Whenever an image turns up, omit it and return the remaining data exactly.

**Data below**:
☆ ☆ ☆ ☆ ☆

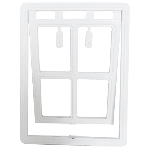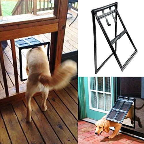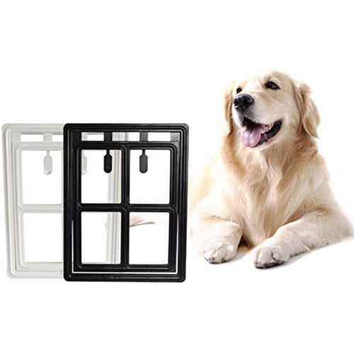ABINECS 網戸専用 犬猫出入り口ドア(中型犬用Lサイズ・ブラック) 網を破られても安心 網戸張り替えローラー付き (ホワイト)
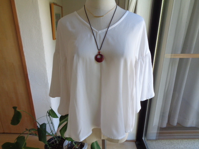 > one way V開き フレアー袖 シフォンブラウス ゆったり切り替えデザイン ドロップショルダー☆ M 白 美品(^^♪
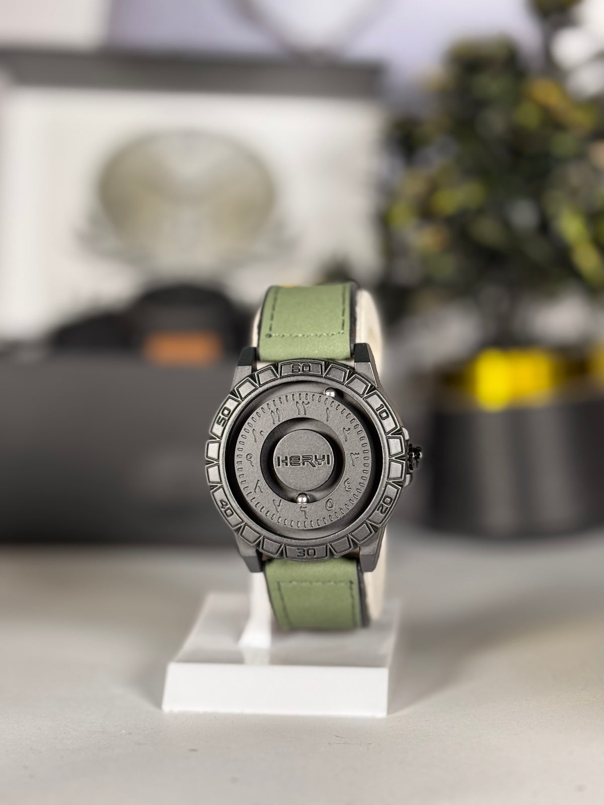 HERYI Grey Silicon Leather Strap Men’s Watch with Unique Circular Dial | Everyday Watch | Legalwears

☆ ☆ ☆ ☆ ☆

**Response box**:
ABINECS 網戸専用 犬猫出入り口ドア(中型犬用Lサイズ・ブラック) 網を破られても安心 網戸張り替えローラー付き (ホワイト)
 > one way V開き フレアー袖 シフォンブラウス ゆったり切り替えデザイン ドロップショルダー☆ M 白 美品(^^♪
 HERYI Grey Silicon Leather Strap Men’s Watch with Unique Circular Dial | Everyday Watch | Legalwears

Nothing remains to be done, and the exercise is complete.